When ratings for their TV show tanked someone, I believe it was the mother, came up with the brilliant idea of cutting off her husband’s dick. I know it sounds crazy but that’s what happened. I can see the meeting with the TV executives now. The mother and all her daughters sitting at the board-room table across from the producers of their show.



“So, any ideas on how to get these ratings up ladies?” No. 1 executive asks.



“I think I have a solution.” The mother states. “I propose we cut off my husband’s penis and turn him into a woman.”



The four executives sit there in stunned silence. If anyone but the Kardashians were sitting across from them they might think it was a joke. No 1 asks, “Are you serious?”



The mother looks at him like he’s crazy, “Of course, why would I kid about my daughter’s future?”



No1 asks, “and how does Bruce feel about this?”



“I haven’t asked him yet. I could call him in I think he’s in the lobby, probably doing push-ups or something.”



The unsuspecting Olympic hero walks in and takes a seat. He smiles and says hello to all at the table. His wife wastes no time and tells him what has been decided about his genitalia. Bruce responds, “You want to cut off what?” It’s decided by a family vote. All jewel covered arms are raised to vote yes and Mr. Jenner will now be known as Ms. Jenner.



A word of advice for Mr. Jenner who seems to be a decent guy, even though he killed a woman with his car, please get the hell out of there. What will these women want to lop off next when the ratings go down? It might be an arm a leg or a vital organ of some kind.



So, I call my lawyer to ask about my name change. He’s not really my lawyer, not like rich guys have a lawyer, he represented me for a DWI last year and got me off with probation. He refuses to give me any advice, screaming something about me not paying his bill for the DWI. When I tell him about how I will become rich and famous with my name change he calls me a nut and hangs up. Just for that I won’t pay his bill even when I have the money.

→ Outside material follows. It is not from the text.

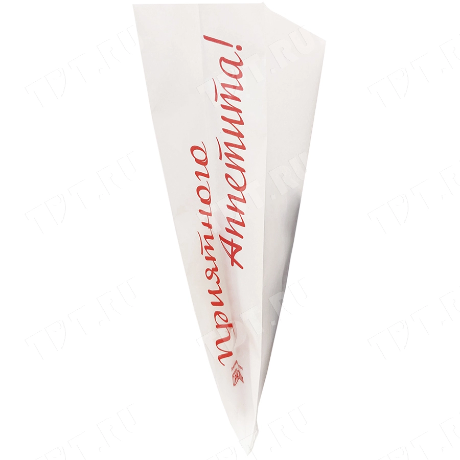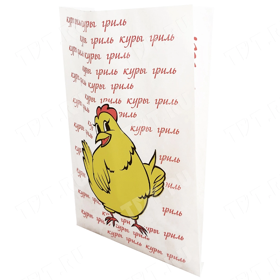 Бумажные пакеты для кур-гриль, с рисунком и надписями, без ручек, белого цвета, высотой 285 мм, шириной 85 мм, в упаковке по 1000 штук. Материал – ламинированная бумага. Производятся в России.
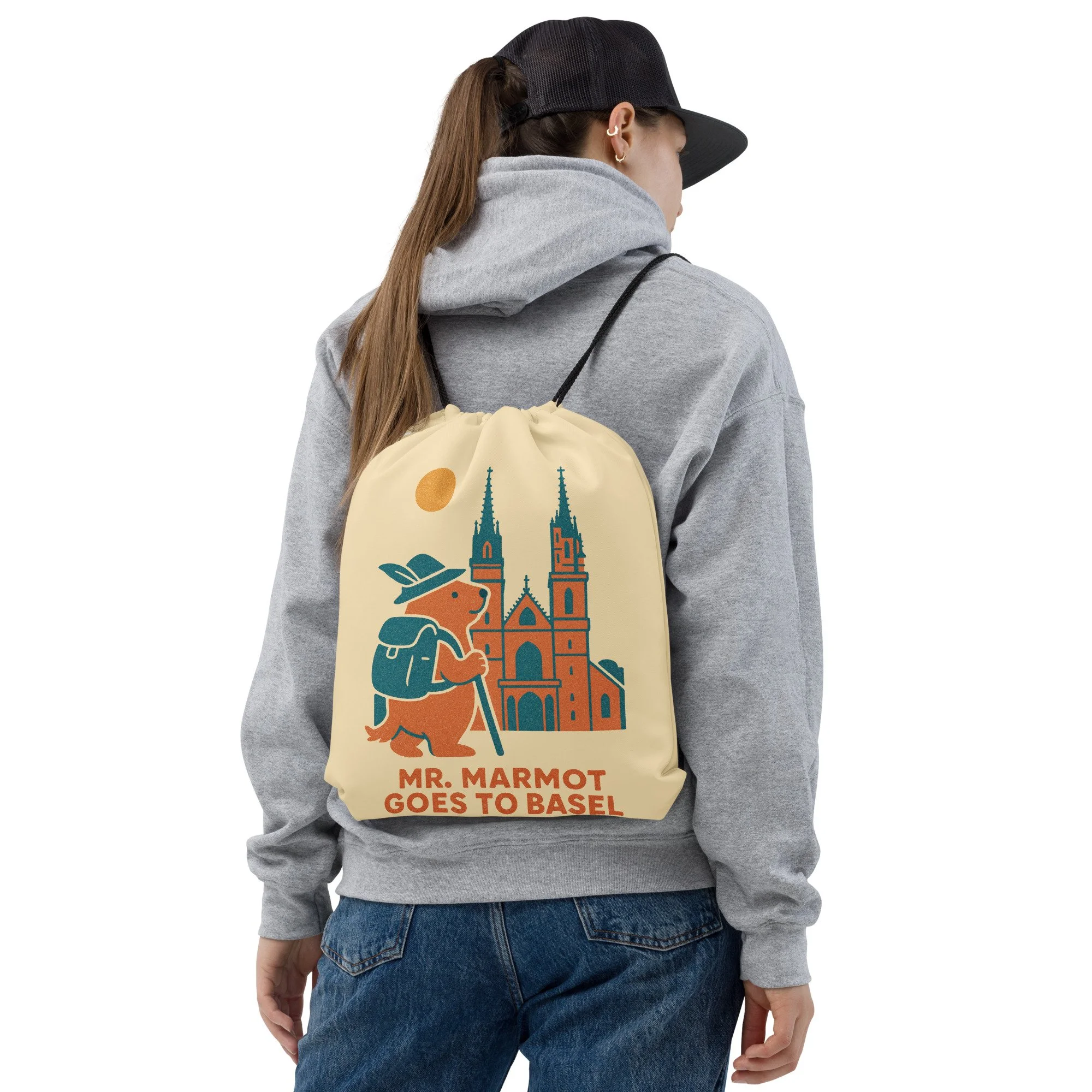 The Basel Münster rises behind Mr. Marmot as he stands, walking stick in hand, ready for whatever Basel has in store. This portrait-format design — with the cathedral's twin spires reaching upward and Mr. Marmot's confident presence in the foreground — makes for a drawstring backpack with real visual impact.

Next, I call my agent she hasn’t sold either of my books in the three years she has represented me so she won’t take my call. I leave a message and she gets back to me three days later. Doris, the agent, tells me how busy she is with her very successful clients and tries to squeeze me in when possible. I thank her for returning my call when I really want to tell her to kiss my Irish ass. I pitch my idea to her and can’t believe it when she tells me I might be on to something. She says the best seller lists are full of celebrity ghost written garbage. A name might just sell books. We talk for at least an hour, that’s longer than all our previous conversations combined. We agree that with the name change we should also change the title of my first book. After some discussion we agree that instead of The Summer of Felix and Lou the new title will be The Summer of My Huge Fat Ass.



Doris called early the following day. Three big deal publishing houses were suddenly interested in my book. Of course, no one from these houses had read the book but it had that magic name attached. I got a nice deal and Doris got a good commission. Times were good. My next book did even better. I was asked to do many interviews, but I knew I couldn’t. As soon as an interviewer asked me how I was related to the real Kardashian clan I would be finished. I was half expecting to hear from the Kardashians by lawsuit. I never did.

The accolades were becoming a bit embarrassing, the more I refused to do any advertising for my books the better the reviews. The Times called me “The Hemingway of the Buttocks”. Amazon advertised my books by calling me the James Joyce of Junk in the Trunk. The whole thing was exhausting. The checks keep coming to this day. I’m rich and almost famous.

Instead of continuing with the Kardashian scam I started writing under my real name. I’ve had some success but nothing compared to what I had, but at least I can sleep at night.